» WHAT TO PRODUCE
An exact copy of all the data is needed, with every picture left out.

··········

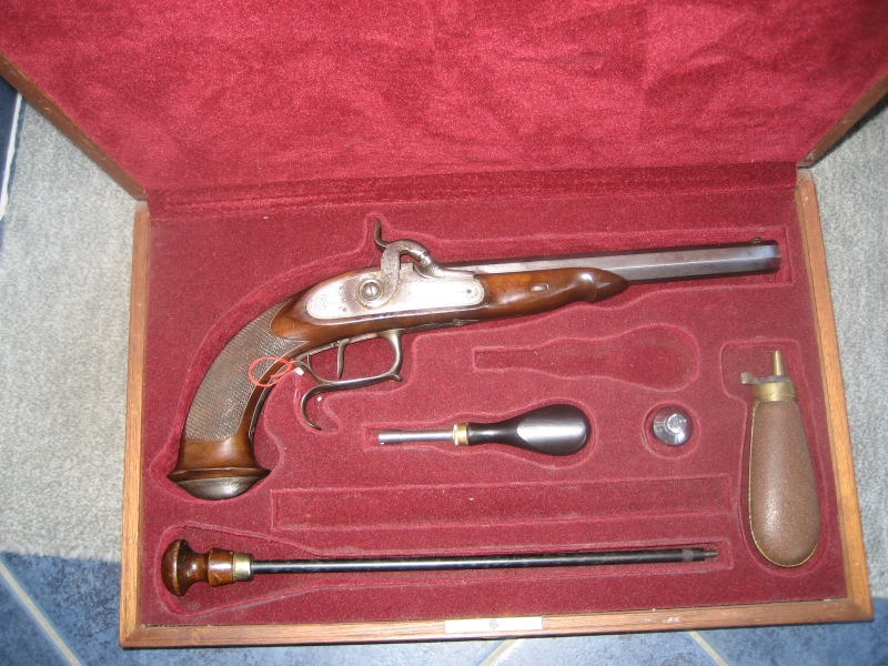 biete eine schöne Pistole Le Page im Kal. .44 BP von "Neumann Pedersoli" im "Antikfinish". Das Ganze dazu noch in einem Kasten im "französischem Stil". Ich konnte leider nicht herausfinden, ob das von Neumann so herausgegeben wurde, oder ob der Vorbesitzer die Le Page hat künstl. altern lassen. Gültiger ital. Beschuss von 1981. Pistole im sehr gutem Zustand, Schloß rastet 2x , Rückstecher funktioniert, Lauf gezogen. Der Kasten ebenfalls sehr gut, ohne grobe Kratzer oder Brüche, Ladestock, Pistonschlüssel, kleine Öldose und Pulverflasche neuwertig bis fast neuwertig. Es fehlen der Schlüssel und der Schraubendreher. Der Kasten mit seinem Interrieur wäre allein schon 150€ oder mehr wert. Dazu dann die Pistole. Ich habe es nicht übers Herz gebracht, das einzelln zu versteigern. Ich starte daher hier mit 222€. Privatverkauf, keine Garantie oder Rücknahme. Bilder sind Bestandteil des Angebotes. Falls sie einen Sofortkauf wünschen und noch keiner geboten hat, machen sie mir ein Angebot. Bitte beachten sie auch meine anderen Auktionen.
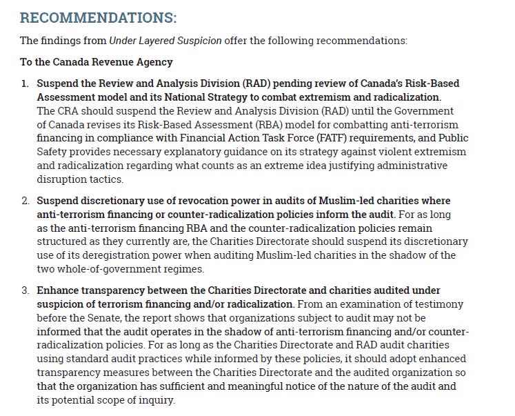 A 2023 Senate of Canada’s Standing Senate Committee on Human Rights Islamophobia report adopted similar conclusions. It said Muslim-led charities are “audited more frequently than others,” and called for “Independent review of CRA’s Review and Analysis Division,” recommending that “NSIRA undertake a review of this issue.” It also urged the government to combat “systemic Islamophobia” in national security agencies.
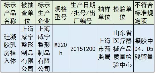 其中,上海威宁整形制品有限公司生产的1批硅凝胶乳房植入体,凝胶中D4、D5残留量不符合标准规定。
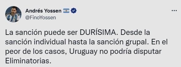 据记者Andrés Yossen透露,乌拉圭可能遭到FIFA严重的处罚,包括个人处罚和团队处罚,最严重的处罚将是禁止参加下届世界杯预选赛。如果乌拉圭真的被禁赛,那么他们将提前年无缘下一届由美国、加拿大、墨西哥共同承办的世界杯。这对于刚从本届世界杯出局的乌拉圭来说,无疑是更加沉重的打击。
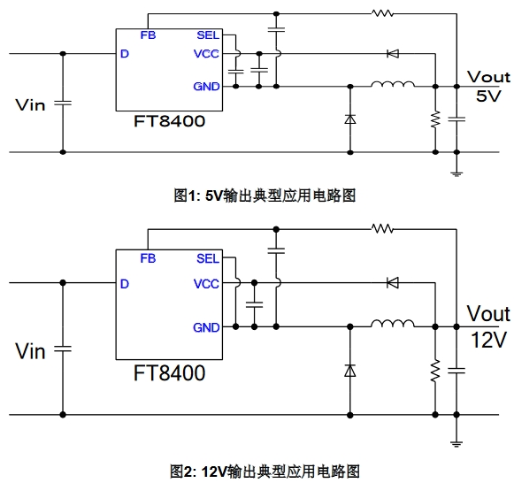 FT840X具有三種固定輸出電壓5V、9V和12V,可以通過SEL 腳進(jìn)行設(shè)定。當(dāng)SEL懸空時,輸出為5V;當(dāng)SEL接160Kohm電阻到地時,輸出為9V;當(dāng)SEL短路到地時,輸出為12V。
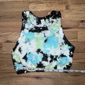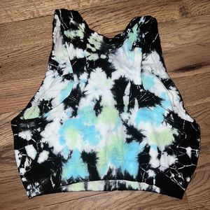 Stylish tie-dye sports bra. Features a blend of black, blue, green, and white. Comfortable and supportive.
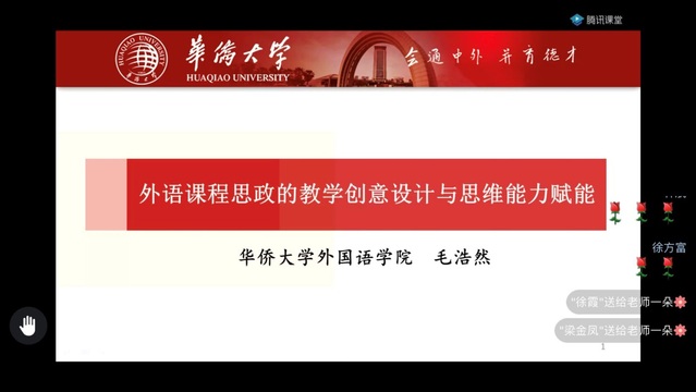 为深入贯彻落实全国教育大会和新时代全国高等学校本科教育工作会议精神,提升课程思政与思政课程协同育人的实效性,深化课程思政建设,促进知识传授、能力培养与价值引领的有机统一,4月10日下午,国际商务外语学院邀请华侨大学外国语学院院长毛浩然教授开展了第二场“云讲座”——“外语课程思政的教学创意设计与思维能力赋能”。必赢626net入口首页及其他高校近400名教师聆听了此次讲座。讲座由国际商务外语学院院长温建平教授主持。

··········

» SOLVED EXERCISE
 biete eine schöne Pistole Le Page im Kal. .44 BP von "Neumann Pedersoli" im "Antikfinish". Das Ganze dazu noch in einem Kasten im "französischem Stil". Ich konnte leider nicht herausfinden, ob das von Neumann so herausgegeben wurde, oder ob der Vorbesitzer die Le Page hat künstl. altern lassen. Gültiger ital. Beschuss von 1981. Pistole im sehr gutem Zustand, Schloß rastet 2x , Rückstecher funktioniert, Lauf gezogen. Der Kasten ebenfalls sehr gut, ohne grobe Kratzer oder Brüche, Ladestock, Pistonschlüssel, kleine Öldose und Pulverflasche neuwertig bis fast neuwertig. Es fehlen der Schlüssel und der Schraubendreher. Der Kasten mit seinem Interrieur wäre allein schon 150€ oder mehr wert. Dazu dann die Pistole. Ich habe es nicht übers Herz gebracht, das einzelln zu versteigern. Ich starte daher hier mit 222€. Privatverkauf, keine Garantie oder Rücknahme. Bilder sind Bestandteil des Angebotes. Falls sie einen Sofortkauf wünschen und noch keiner geboten hat, machen sie mir ein Angebot. Bitte beachten sie auch meine anderen Auktionen.
 A 2023 Senate of Canada’s Standing Senate Committee on Human Rights Islamophobia report adopted similar conclusions. It said Muslim-led charities are “audited more frequently than others,” and called for “Independent review of CRA’s Review and Analysis Division,” recommending that “NSIRA undertake a review of this issue.” It also urged the government to combat “systemic Islamophobia” in national security agencies.
 其中,上海威宁整形制品有限公司生产的1批硅凝胶乳房植入体,凝胶中D4、D5残留量不符合标准规定。
 据记者Andrés Yossen透露,乌拉圭可能遭到FIFA严重的处罚,包括个人处罚和团队处罚,最严重的处罚将是禁止参加下届世界杯预选赛。如果乌拉圭真的被禁赛,那么他们将提前年无缘下一届由美国、加拿大、墨西哥共同承办的世界杯。这对于刚从本届世界杯出局的乌拉圭来说,无疑是更加沉重的打击。
 FT840X具有三種固定輸出電壓5V、9V和12V,可以通過SEL 腳進(jìn)行設(shè)定。當(dāng)SEL懸空時,輸出為5V;當(dāng)SEL接160Kohm電阻到地時,輸出為9V;當(dāng)SEL短路到地時,輸出為12V。
 Stylish tie-dye sports bra. Features a blend of black, blue, green, and white. Comfortable and supportive.
 为深入贯彻落实全国教育大会和新时代全国高等学校本科教育工作会议精神,提升课程思政与思政课程协同育人的实效性,深化课程思政建设,促进知识传授、能力培养与价值引领的有机统一,4月10日下午,国际商务外语学院邀请华侨大学外国语学院院长毛浩然教授开展了第二场“云讲座”——“外语课程思政的教学创意设计与思维能力赋能”。必赢626net入口首页及其他高校近400名教师聆听了此次讲座。讲座由国际商务外语学院院长温建平教授主持。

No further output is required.